Эмилиян Станев - Иван Кондарев
— Почему раньше не дал знать? — Кондарев с интересом разглядывал долговязую фигуру бывшего майора, а тот лукаво щурил за стеклами серые глаза.
— Ты куда?
— Мать расхворалась, все никак не поправится.
— Постой. Мне надо поговорить с тобой по очень важному делу. Завтра после обеда приходи ко мне. Но только не ранее четырех. Ты не хочешь пройтись?
— Нет, сейчас ни в коем случае не смогу.

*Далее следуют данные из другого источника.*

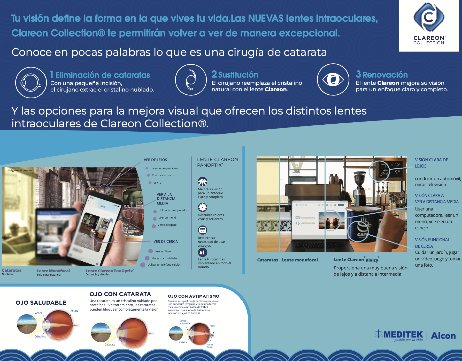 Más del 92% de las cirugías de cataratas se consideran exitosas y los pacientes generalmente pueden regresar a sus rutinas normales dentro de las 24 horas. “En Meditek, estamos orgullosos de ofrecerle a los cirujanos de catarata y sus pacientes, la última tecnología de lentes intraoculares en Costa Rica”, señaló Paula Venegas, Business Unit Manager Oftalmología.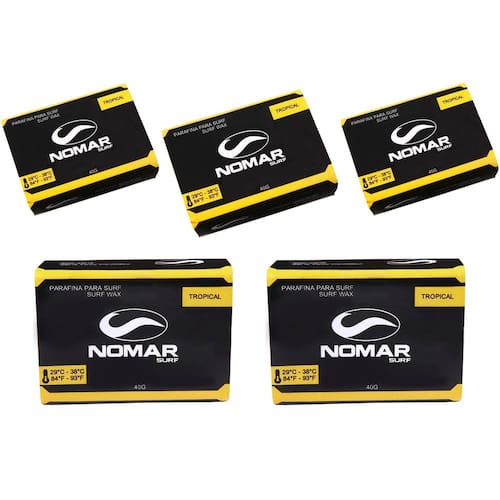 Parafina reconhecida mundialmente por sua qualidade, Utilizado pelos melhores surfistas do Mundo, possui uma fórmula de grande durabilidade e fácil aplicação. Aplicação: limpe a superfície removendo toda a parafina e aplique com movimentos circulares. 5 unidades 40g cada Fórmula água Tropical excelente para surfar na América Central e Nordeste do Brasil e também pode ser Utilizado como base, por ser uma parafina mais dura. Cor natural, sem corantes. Aroma Tutti Frutti. ATENÇÃO: Produto não alimentício. Marca: Não Informado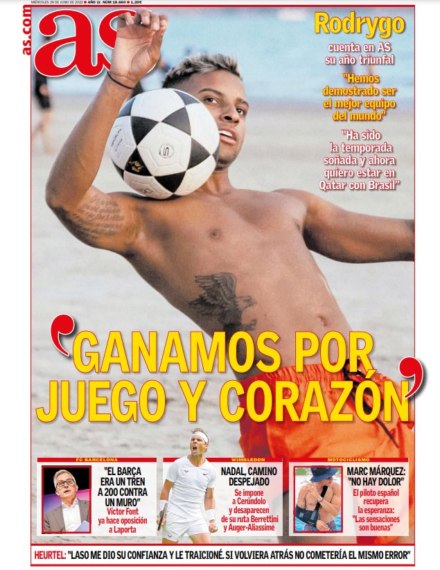 تصدر النجم البرازيلي رودريجو جوس لاعب فريق ريال مدريد الإسباني، غلاف آس لعدد اليوم، حيث نشرت الصحيفة مقابلة خاصة مع اللاعب، وقال بها إن الميرينجي أثبت حقًا أنه الأفضل في العالم بدوري أبطال أوروبا للموسم الأخير.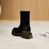 Black boots women's long boots thick-soled 2025 new autumn and winter thick-heeled elastic thin boots women's one-pedal casual shoes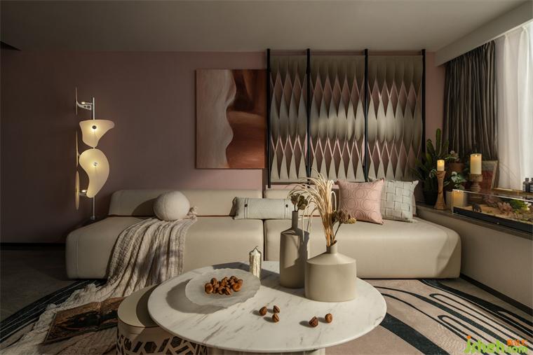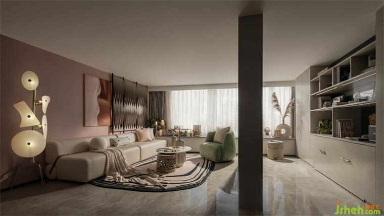 米色系用在室內(nèi)溫柔得恰到好處。廣州公寓設(shè)計(jì)莫蘭迪粉的墻面和薄荷綠絨面沙發(fā)的加入使色彩更豐富。

Извини!
Кондарев с сожалением выпустил руку приятеля и пошел домой. Проходя мимо комнаты матери, он заглянул к ней. Старая женщина сидела на постели и пыталась вязать чулок. Только осунувшееся лицо и запавшие щеки напоминали о тревоге прошлой ночи. Заботливо прибранная комнатка выглядела как всегда, словно ничего не случилось. До чего же тихо и просто приходили и уходили из этого дома зло и добро, смерть и жизнь! Без суматохи и ликования в этой комнатке когда-то родились он и сестра, здесь же умерли дедушка, отец и старшая сестра. Тут он учил уроки, отсюда ушел на фронт, здесь же ночевал во время отпусков, потому что верхнюю комнату сдавали гимназистам из деревни. Заботы, невзгоды, болезни — все было естественно и просто: без лишних слез и вздохов по покойнику, без бурного смеха и веселья, когда приходила редкая радость. Кондарев чувствовал себя бессильным перед этим духом жестокого смирения, воцарившимся в родном доме, хотя роптал и пытался бороться с ним…
15Пока Христина провожала Кондарева, Костадин пристально следил за ними и не слышал, о чем говорят рядом с ним женщины. Минуты показались ему вечностью, и, мучимый ревностью, он не замечал, как нервно покачивает ногой.
Когда Христина вернулась, он впился в нее глазами, стараясь по выражению лица отгадать, о чем они говорили и как расстались, однако, встретив ее спокойный, озабоченный взгляд, унялся и не пропускал ни единого ее слова и движения.
Войдя к ним в дом и впервые увидев ее так близко, он поразился разнице между живой Христиной и образом, созданным в его воображении. Христина оказалась более красивой. Особенно его поразили большие, черные, продолговатые, как миндалины, чуть раскосые глаза с золотистыми бликами в зрачках и губы — единственное, что ему не понравилось с первого взгляда. Его охватило сомнение, что такая красивая и умная женщина, которая духовно наверняка стоит выше его, выйдет за него замуж. Не хотелось верить, что худенькая девчушка, которая когда-то ходила с матерью к ним в гости, стала такой красавицей. Сестра, конечно, обманывала его, уверяя, что Христина разочаровалась в Кондареве.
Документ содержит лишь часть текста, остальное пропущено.